I was playing with movable_node and performance implications back in
2017 (unfortunately I do not have specific numbers anymore) and the
setup was a bit extreme - a single node (0) with normal zones and all
other nodes with movable memory only. So not only struct pages but any
other kernel metadata were on a remote node. I remember I could see
clear performance drop scaling with the distance from node 0 somewhere
betweem 5-10% on kbuild bound on a movable node.
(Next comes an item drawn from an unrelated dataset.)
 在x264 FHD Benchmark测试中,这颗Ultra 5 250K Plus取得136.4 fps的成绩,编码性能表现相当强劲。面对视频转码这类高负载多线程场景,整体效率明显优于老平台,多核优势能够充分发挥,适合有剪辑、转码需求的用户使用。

>  c) It might be there are no PMD_ALIGNED chunks so memmap array gets
>     populated with base pages.
> 
> This can be improved when CONFIG_SPARSEMEM_VMEMMAP is enabled.
> 
> Vmemap page tables can map arbitrary memory.
> That means that we can simply use the beginning of each memory section and
> map struct pages there.

In fact beginning of the memory block should be sufficient as sections
cannot be hotremoved without the rest of the memory block.

> struct pages which back the allocated space then just need to be treated
> carefully.
> 
> Implementation wise we will reuse vmem_altmap infrastructure to override
> the default allocator used by __populate_section_memmap.
> Part of the implementation also relies on memory_block structure gaining
> a new field which specifies the number of vmemmap_pages at the beginning.
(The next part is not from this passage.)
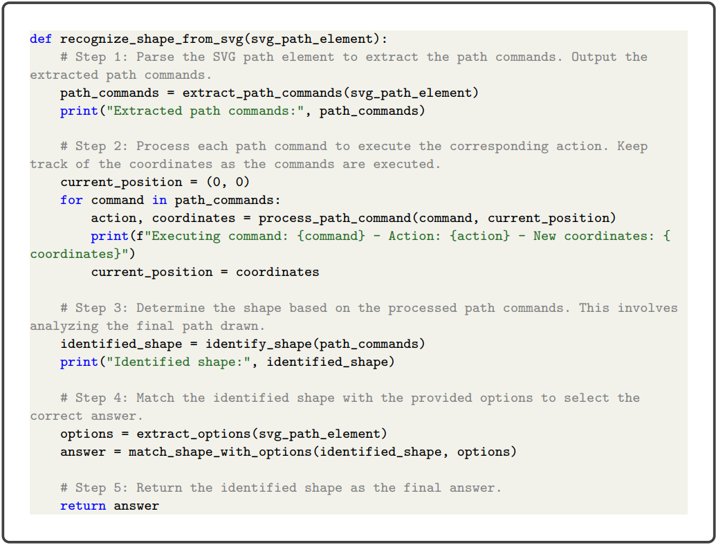Reasoner LM R은 의사 코드 P의 실행 과정을 따라 각 단계의 print()의 출력에 해당하는 순차적인 출력 목록 O = {o1, o2, ..., ok} (ok가 최종 답변)를 예측한다.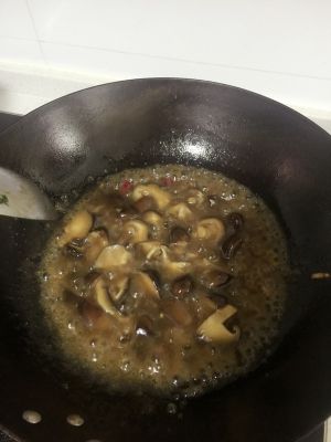 刚才泡香菇的水,取上层无杂质的部分,加入适量的淀粉、糖;调匀,倒入锅中勾薄芡;

Here you are talking about memory block rather than section.

> This comes in handy as in {online,offline}_pages, all the isolation and
> migration is being done on (buddy_start_pfn, end_pfn] range,
> being buddy_start_pfn = start_pfn + nr_vmemmap_pages.
> 
> In this way, we have:
> 
> [start_pfn, buddy_start_pfn - 1] = Initialized and PageReserved
> [buddy_start_pfn, end_pfn - 1]       = Initialized and sent to buddy
> 
> Hot-remove:
> 
>  We need to be careful when removing memory, as adding and
>  removing memory needs to be done with the same granularity.
>  To check that this assumption is not violated, we check the
>  memory range we want to remove and if a) any memory block has
>  vmemmap pages and b) the range spans more than a single memory
>  block, we scream out loud and refuse to proceed.

Is this a real problem? If each memory block has its own vmemmap then we
should be just fine, no?
 
>  If all is good and the range was using memmap on memory (aka vmemmap pages),
>  we construct an altmap structure so free_hugepage_table does the right
>  thing and calls vmem_altmap_free instead of free_pagetable.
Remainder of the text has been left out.